Personal credit score is an indicator on how fiscally responsible you are. The numbers are ranging from 301 to 850 and it is essential in evaluating your financial health. From landlords to banks, employers to small business loans lenders use personal credit score to determine how high is the interest rate that you will you get or how big is the risk to have you as a debtor. Hence why lenders always looking at both your business credit score and personal credit score on their evaluation before giving you the capital.
There are some factors determining your personal credit score, which are:
Payment History — your punctuality in paying your bills
Outstanding Debt — how much of your available credit you’ve used, and how close your card balances are to their limits
Length of Time — how many years you’ve been building credit for
New Credit — opening new credit accounts and hard inquiries can negatively affect your credit score
Types of Credit — experiences with different types of credit can positively impact your score
To boost a good personal credit score to meet the above criteria, here are some tips you can apply to yourself:
Always pay your bills on time.
Paying your bills on time will account for 35% of your credit score Never ignore a missing payment, because the longer you put it off, the more suffer your credit score will be.

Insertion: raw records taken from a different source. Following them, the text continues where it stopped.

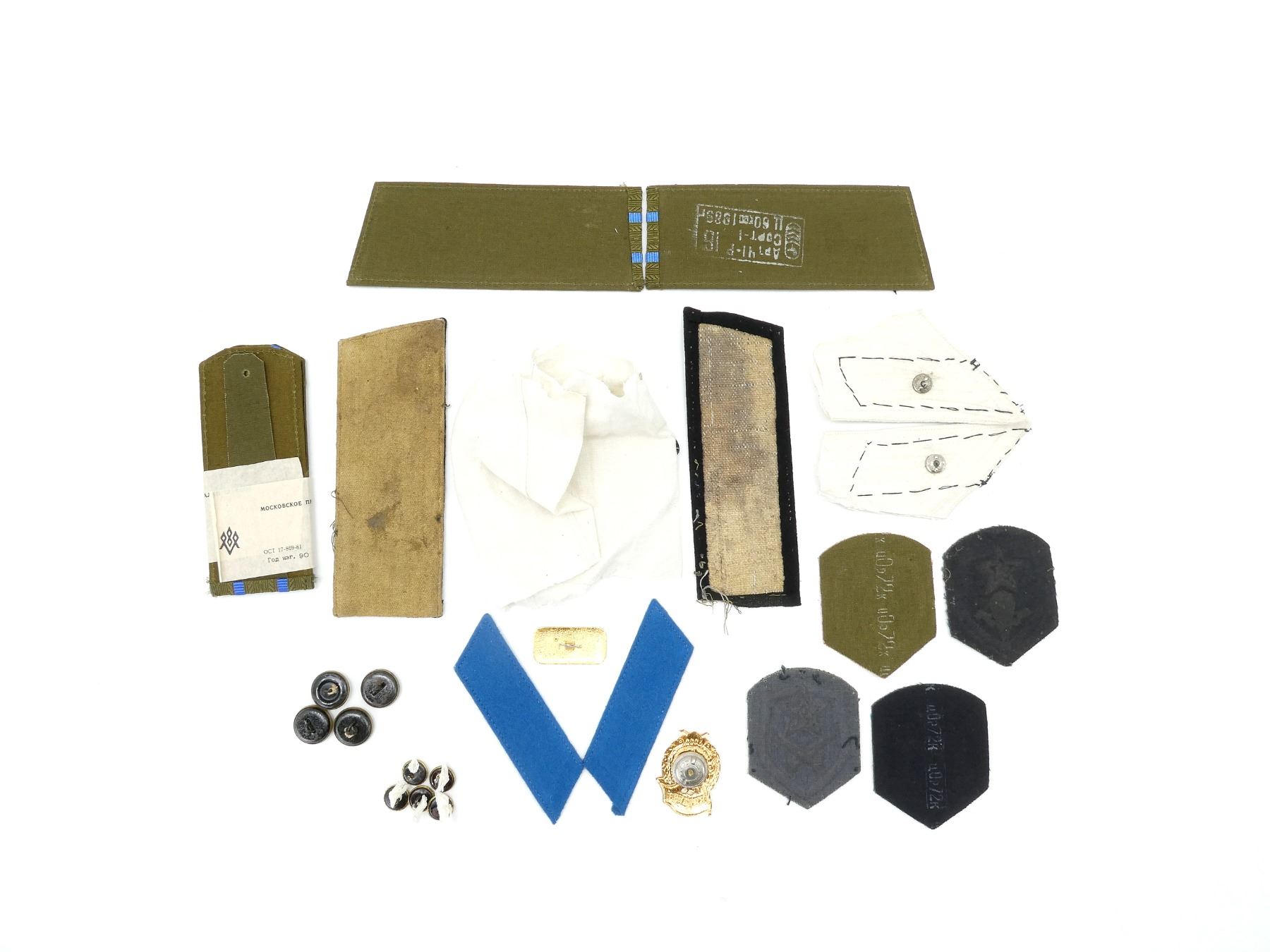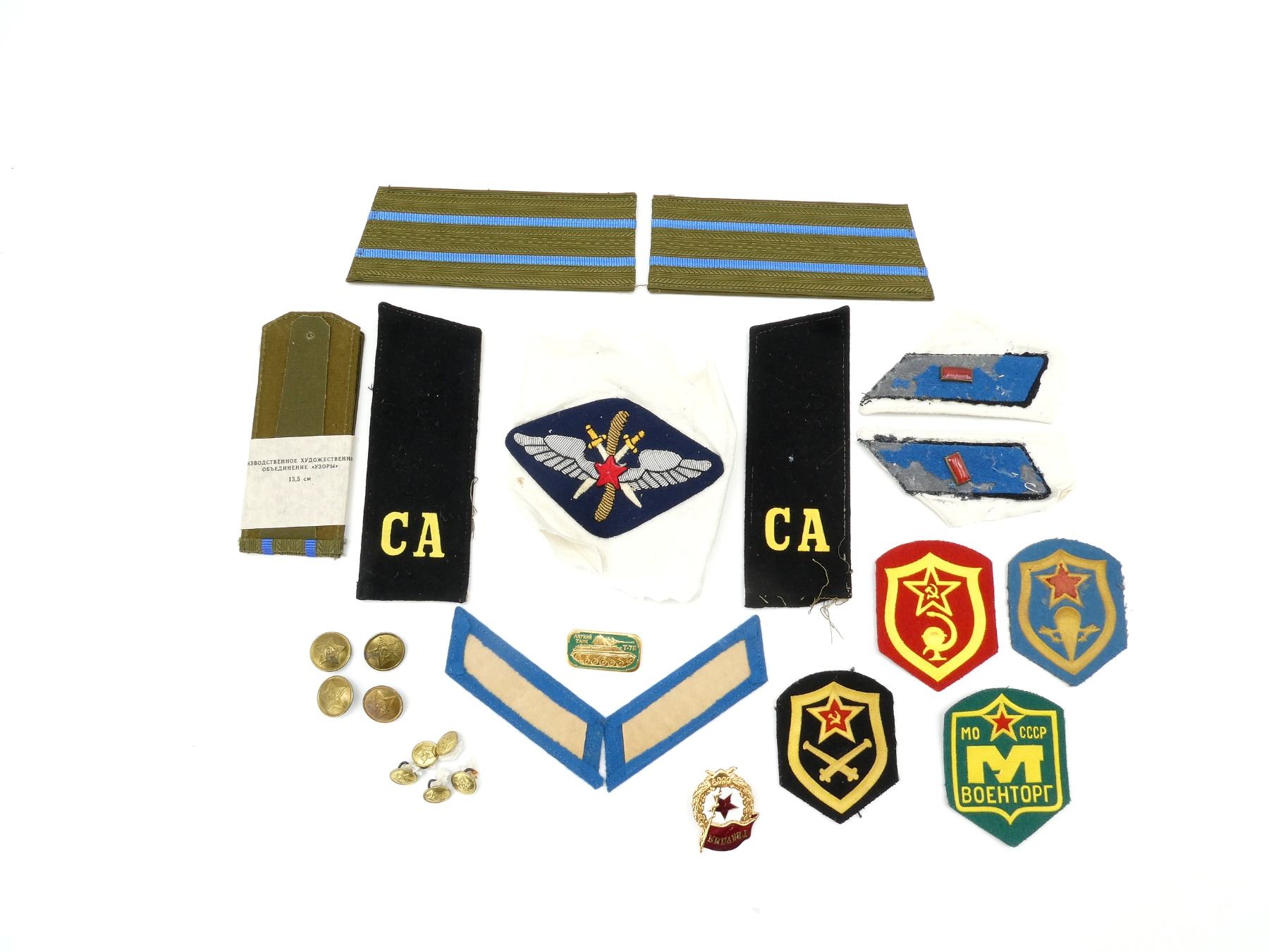 APPROX. (25) PIECES, VARIOUS MATERIALS / COLOURS / SIZES, INCLUDES; RUSSIAN GUARDS BADGE, RUSSIAN T-70 TANK BADGE, ASSORTED WWII BRASS / GOLD COLOURED HAMMER / SICKLE IN STAR BUTTONS, WWII RUSSIAN RANK COLLAR BADGES, WWII RUSSIAN PILOTS BADGE, ASSORTED RUSSIAN MILITARY SHOULDER BOARDS, RED ARMY MEDICAL / VETERINARY SERVICES SLEEVE BADGE, RUSSIAN MILITARY QUARTERMASTER BADGE, RUSSIAN MILITARY AIRBORNE FORCES BADGE, ETC. SEE PHOTOS.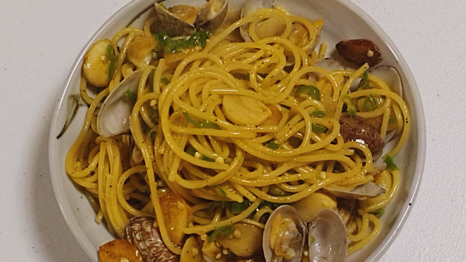 육수를 머금은 면과 쫄깃한 바지락 살이 맛있는 봉골레 파스타 완성이에요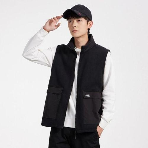 [에이치플러스몰]남성 겨울 간절기 투톤 하이넥 집업 후리스조끼 베스트 아웃도어 낚시조끼 집업후리스조..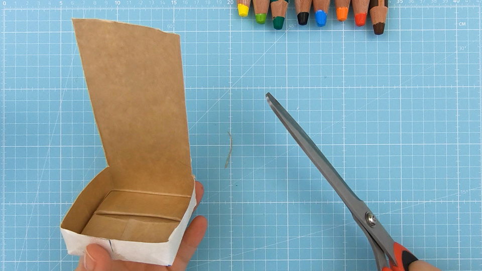 Schneide den Karton von der Öffnung her so ein, dass nur mehr eine Rückwand (= Haus) stehen bleibt. Unten sollte ein Rand von ca. 2 cm stehen bleiben. Hier kannst Du später die Kresse ansäen.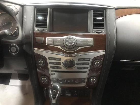 19款英菲尼迪QX80车内采用电子冷发光仪表盘,匹配8英寸高分辨率彩色触摸屏幕;方向盘带巡航、音响以及电话按键,并可实现加热功能;还带有内存为40GB的硬盘导航系统,以及9.3G的音乐存储空间。在通信系统上,配备互动式车载信息通信系统以及实时道路交通信息系统,为驾驶者用车时提供实时的道路信息。

Monitor your credit report.
Major credit unions like Equifax, Experian and Transunion give us one free annual credit report. By monitoring our credit report, if we find an error, we can report it and in turn, the correction could increase your credit score.
Control your debt.
Lending organization want to make sure that you are able to repay your debts or overextend your credit. The rule is to try to use less than 30% of the total credit available to you.

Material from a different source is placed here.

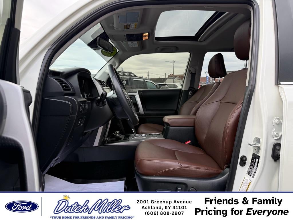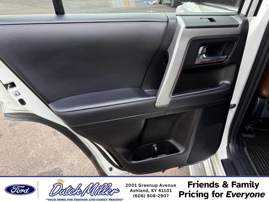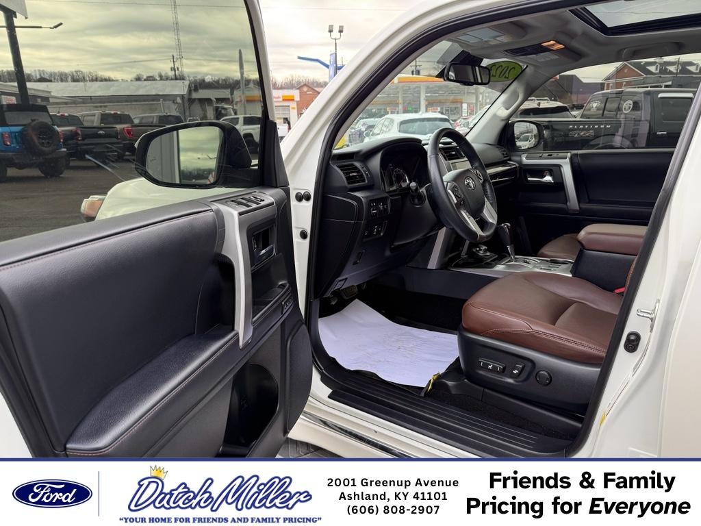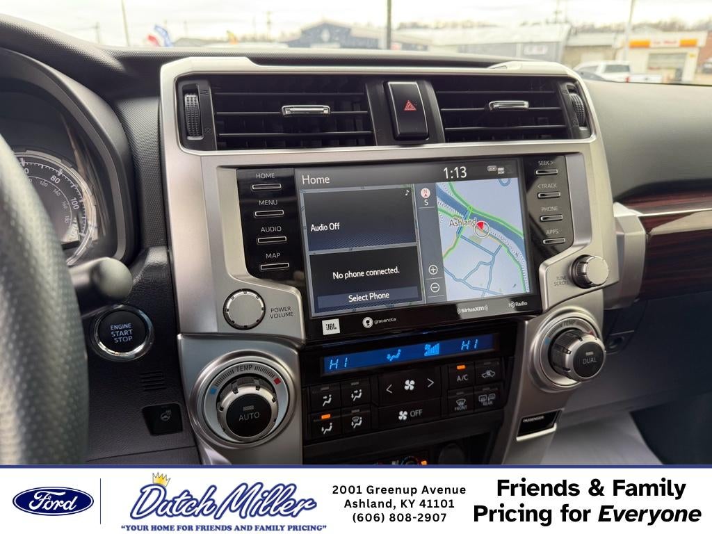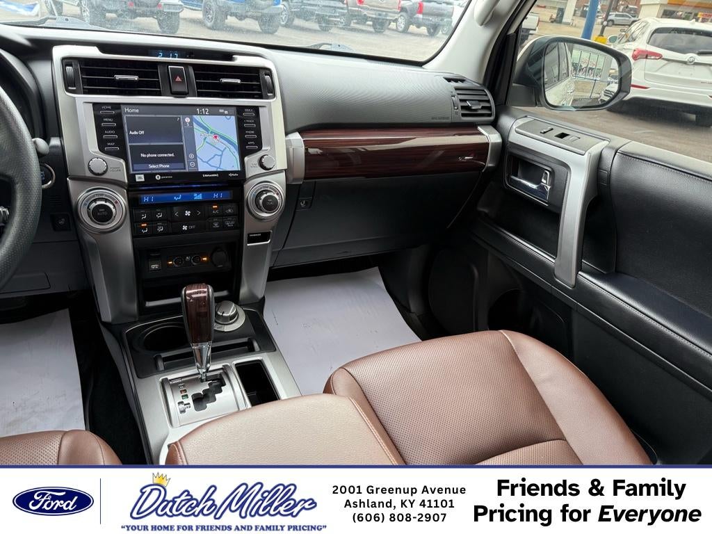 2023 Toyota 4Runner Limited – 4WD, V6, 4.0L - 31,639 miles - Ashland, KY Ready for adventure or daily driving, this 2023 Toyota 4Runner Limited pairs rugged capability with refined comfort. With a reliable 4.0L V6 engine and full-time 4WD, the Toyota 4Runner delivers confident performance on highways, backroads, and off-pavement routes. At just 31,639 miles, this Limited model offers exceptional value and longevity. Inside, premium leather seats and thoughtful amenities create a comfortable cabin for driver and passengers. Automatic climate control maintains ideal temperatures, while Apple CarPlay and Android Auto keep your favorite apps, navigation, and music seamlessly integrated for safer, connected driving. The Blind Spot Monitor enhances safety by alerting you to vehicles in adjacent lanes, giving added peace of mind on busy routes. This Toyota 4Runner Limited combines Toyota durability with upscale touches—perfect for families, outdoor lovers, and commuters who want capability without sacrificing comfort. The low mileage and robust maintenance history make it a smart investment for those seeking a dependable pre-owned SUV. Located in Ashland, KY, this 2023 Toyota 4Runner Limited is competitively priced and represents the best price for this model and condition. Don't miss the chance to own a well-equipped, versatile SUV that balances performance, safety, and modern connectivity. Contact us to schedule a test drive and see why this is the right Toyota 4Runner for you.

Manage your new credit with care.
Adding new account within a short period of time has a temporary negative effect on your credit score. With that in mind, lenders will pay attention to any new credit you add and it will raise a red flag when you try to apply for loan.
That being said, if you diversify your type of credits, such as applying for a different form of credit or buying something on installment, and you can actually make the payments, this can improve your credit score.
Credit card activities.
One of the best ways to build up your credit score is by paying off your revolving credit as well as installment loans. Additionally, even though using only one card sounds easier, a history of having two or three good record credit histories is also a great way to increase your score. Don’t forget, closing an account will not take it off your report.